* **Work to be completed**
In the data below, find the line that contains "Figura 4. Proceso de salsas fermentadas" and the line that contains "思わず笑顔がこぼれるK様". Copy both, plus every line between them, exactly.

* **Material supplied**
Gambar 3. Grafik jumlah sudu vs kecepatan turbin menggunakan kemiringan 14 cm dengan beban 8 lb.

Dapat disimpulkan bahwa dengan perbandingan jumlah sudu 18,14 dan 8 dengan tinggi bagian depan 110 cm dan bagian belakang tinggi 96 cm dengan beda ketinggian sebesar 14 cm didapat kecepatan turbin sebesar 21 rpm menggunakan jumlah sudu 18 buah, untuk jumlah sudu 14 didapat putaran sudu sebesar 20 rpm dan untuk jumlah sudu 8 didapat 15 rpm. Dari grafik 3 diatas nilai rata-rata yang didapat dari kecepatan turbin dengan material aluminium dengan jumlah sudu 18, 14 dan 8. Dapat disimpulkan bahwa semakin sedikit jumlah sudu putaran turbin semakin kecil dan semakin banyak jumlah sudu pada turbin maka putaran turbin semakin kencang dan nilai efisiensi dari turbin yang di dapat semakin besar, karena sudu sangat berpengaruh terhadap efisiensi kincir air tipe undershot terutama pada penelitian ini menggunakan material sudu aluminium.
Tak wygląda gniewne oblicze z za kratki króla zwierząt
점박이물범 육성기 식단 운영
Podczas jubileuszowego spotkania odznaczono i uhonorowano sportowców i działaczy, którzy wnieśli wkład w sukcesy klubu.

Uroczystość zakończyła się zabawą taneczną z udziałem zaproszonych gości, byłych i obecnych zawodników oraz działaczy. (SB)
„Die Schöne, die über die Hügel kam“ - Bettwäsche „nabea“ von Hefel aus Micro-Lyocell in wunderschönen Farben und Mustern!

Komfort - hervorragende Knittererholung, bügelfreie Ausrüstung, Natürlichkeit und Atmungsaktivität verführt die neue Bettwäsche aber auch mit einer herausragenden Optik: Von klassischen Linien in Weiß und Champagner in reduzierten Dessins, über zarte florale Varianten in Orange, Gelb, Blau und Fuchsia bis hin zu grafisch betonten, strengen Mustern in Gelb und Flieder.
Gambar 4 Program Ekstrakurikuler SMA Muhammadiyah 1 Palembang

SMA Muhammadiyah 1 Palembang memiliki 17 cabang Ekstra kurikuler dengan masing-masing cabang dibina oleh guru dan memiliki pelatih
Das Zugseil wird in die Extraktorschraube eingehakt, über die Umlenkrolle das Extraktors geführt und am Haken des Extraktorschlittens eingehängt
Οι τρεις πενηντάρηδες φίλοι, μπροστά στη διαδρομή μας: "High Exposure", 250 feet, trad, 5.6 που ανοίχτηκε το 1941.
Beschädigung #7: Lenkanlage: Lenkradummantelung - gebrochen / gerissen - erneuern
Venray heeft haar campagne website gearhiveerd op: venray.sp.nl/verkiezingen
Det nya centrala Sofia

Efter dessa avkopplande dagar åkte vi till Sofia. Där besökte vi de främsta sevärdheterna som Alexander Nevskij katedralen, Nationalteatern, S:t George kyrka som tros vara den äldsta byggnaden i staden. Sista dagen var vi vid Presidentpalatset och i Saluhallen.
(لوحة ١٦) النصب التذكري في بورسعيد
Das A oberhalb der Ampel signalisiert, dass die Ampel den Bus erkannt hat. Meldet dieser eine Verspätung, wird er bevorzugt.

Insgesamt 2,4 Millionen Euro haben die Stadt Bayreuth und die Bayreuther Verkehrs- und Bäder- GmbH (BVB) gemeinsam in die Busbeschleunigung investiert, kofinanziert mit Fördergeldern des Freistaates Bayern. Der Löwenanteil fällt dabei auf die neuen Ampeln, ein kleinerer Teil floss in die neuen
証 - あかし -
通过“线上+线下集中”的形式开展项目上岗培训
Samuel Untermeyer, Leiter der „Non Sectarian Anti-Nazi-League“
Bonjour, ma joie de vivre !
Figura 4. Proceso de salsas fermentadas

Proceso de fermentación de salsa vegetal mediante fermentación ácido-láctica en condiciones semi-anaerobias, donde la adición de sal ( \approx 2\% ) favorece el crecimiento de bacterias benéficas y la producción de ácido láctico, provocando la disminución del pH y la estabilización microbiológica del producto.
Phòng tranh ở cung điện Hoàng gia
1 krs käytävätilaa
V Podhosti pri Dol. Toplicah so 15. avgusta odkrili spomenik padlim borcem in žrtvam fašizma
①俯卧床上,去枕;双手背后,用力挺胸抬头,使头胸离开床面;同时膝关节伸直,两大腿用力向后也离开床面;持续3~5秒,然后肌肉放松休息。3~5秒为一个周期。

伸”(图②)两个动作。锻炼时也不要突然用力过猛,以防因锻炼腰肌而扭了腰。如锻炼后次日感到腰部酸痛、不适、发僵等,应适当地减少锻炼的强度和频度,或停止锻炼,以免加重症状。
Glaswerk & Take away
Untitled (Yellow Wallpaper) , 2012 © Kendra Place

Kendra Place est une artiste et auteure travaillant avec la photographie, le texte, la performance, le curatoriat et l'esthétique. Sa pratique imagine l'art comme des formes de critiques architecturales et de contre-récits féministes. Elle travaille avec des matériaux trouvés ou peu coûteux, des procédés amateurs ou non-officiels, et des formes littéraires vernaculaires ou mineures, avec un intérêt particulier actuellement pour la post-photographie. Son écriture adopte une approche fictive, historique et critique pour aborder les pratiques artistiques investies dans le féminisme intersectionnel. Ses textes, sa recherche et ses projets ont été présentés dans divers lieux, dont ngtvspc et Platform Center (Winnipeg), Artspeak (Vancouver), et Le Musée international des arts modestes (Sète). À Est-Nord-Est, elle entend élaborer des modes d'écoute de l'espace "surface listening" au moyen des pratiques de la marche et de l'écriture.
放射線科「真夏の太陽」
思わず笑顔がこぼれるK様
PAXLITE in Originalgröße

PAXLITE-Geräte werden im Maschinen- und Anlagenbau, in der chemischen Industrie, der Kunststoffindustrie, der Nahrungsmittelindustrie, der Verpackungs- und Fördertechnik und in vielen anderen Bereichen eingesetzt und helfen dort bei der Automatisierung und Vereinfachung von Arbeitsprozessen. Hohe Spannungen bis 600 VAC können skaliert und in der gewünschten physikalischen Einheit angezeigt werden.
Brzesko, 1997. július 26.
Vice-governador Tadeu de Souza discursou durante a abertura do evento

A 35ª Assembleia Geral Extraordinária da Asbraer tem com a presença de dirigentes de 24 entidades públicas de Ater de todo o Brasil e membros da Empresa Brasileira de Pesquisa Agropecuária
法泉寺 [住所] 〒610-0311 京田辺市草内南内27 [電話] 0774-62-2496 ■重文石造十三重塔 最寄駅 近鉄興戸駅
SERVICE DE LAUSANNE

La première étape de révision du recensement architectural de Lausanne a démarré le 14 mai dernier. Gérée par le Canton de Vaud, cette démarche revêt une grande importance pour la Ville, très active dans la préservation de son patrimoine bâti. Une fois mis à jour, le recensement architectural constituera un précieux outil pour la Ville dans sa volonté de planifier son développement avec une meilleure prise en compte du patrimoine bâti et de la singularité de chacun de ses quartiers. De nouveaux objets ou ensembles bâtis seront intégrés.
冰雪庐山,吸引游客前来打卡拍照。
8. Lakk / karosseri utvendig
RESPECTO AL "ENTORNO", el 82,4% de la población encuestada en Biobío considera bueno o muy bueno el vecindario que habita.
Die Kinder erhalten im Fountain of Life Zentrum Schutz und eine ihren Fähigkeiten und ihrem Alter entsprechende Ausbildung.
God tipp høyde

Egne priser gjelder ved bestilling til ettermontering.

* **Problem solution**
Figura 4. Proceso de salsas fermentadas

Proceso de fermentación de salsa vegetal mediante fermentación ácido-láctica en condiciones semi-anaerobias, donde la adición de sal ( \approx 2\% ) favorece el crecimiento de bacterias benéficas y la producción de ácido láctico, provocando la disminución del pH y la estabilización microbiológica del producto.
Phòng tranh ở cung điện Hoàng gia
1 krs käytävätilaa
V Podhosti pri Dol. Toplicah so 15. avgusta odkrili spomenik padlim borcem in žrtvam fašizma
①俯卧床上,去枕;双手背后,用力挺胸抬头,使头胸离开床面;同时膝关节伸直,两大腿用力向后也离开床面;持续3~5秒,然后肌肉放松休息。3~5秒为一个周期。

伸”(图②)两个动作。锻炼时也不要突然用力过猛,以防因锻炼腰肌而扭了腰。如锻炼后次日感到腰部酸痛、不适、发僵等,应适当地减少锻炼的强度和频度,或停止锻炼,以免加重症状。
Glaswerk & Take away
Untitled (Yellow Wallpaper) , 2012 © Kendra Place

Kendra Place est une artiste et auteure travaillant avec la photographie, le texte, la performance, le curatoriat et l'esthétique. Sa pratique imagine l'art comme des formes de critiques architecturales et de contre-récits féministes. Elle travaille avec des matériaux trouvés ou peu coûteux, des procédés amateurs ou non-officiels, et des formes littéraires vernaculaires ou mineures, avec un intérêt particulier actuellement pour la post-photographie. Son écriture adopte une approche fictive, historique et critique pour aborder les pratiques artistiques investies dans le féminisme intersectionnel. Ses textes, sa recherche et ses projets ont été présentés dans divers lieux, dont ngtvspc et Platform Center (Winnipeg), Artspeak (Vancouver), et Le Musée international des arts modestes (Sète). À Est-Nord-Est, elle entend élaborer des modes d'écoute de l'espace "surface listening" au moyen des pratiques de la marche et de l'écriture.
放射線科「真夏の太陽」
思わず笑顔がこぼれるK様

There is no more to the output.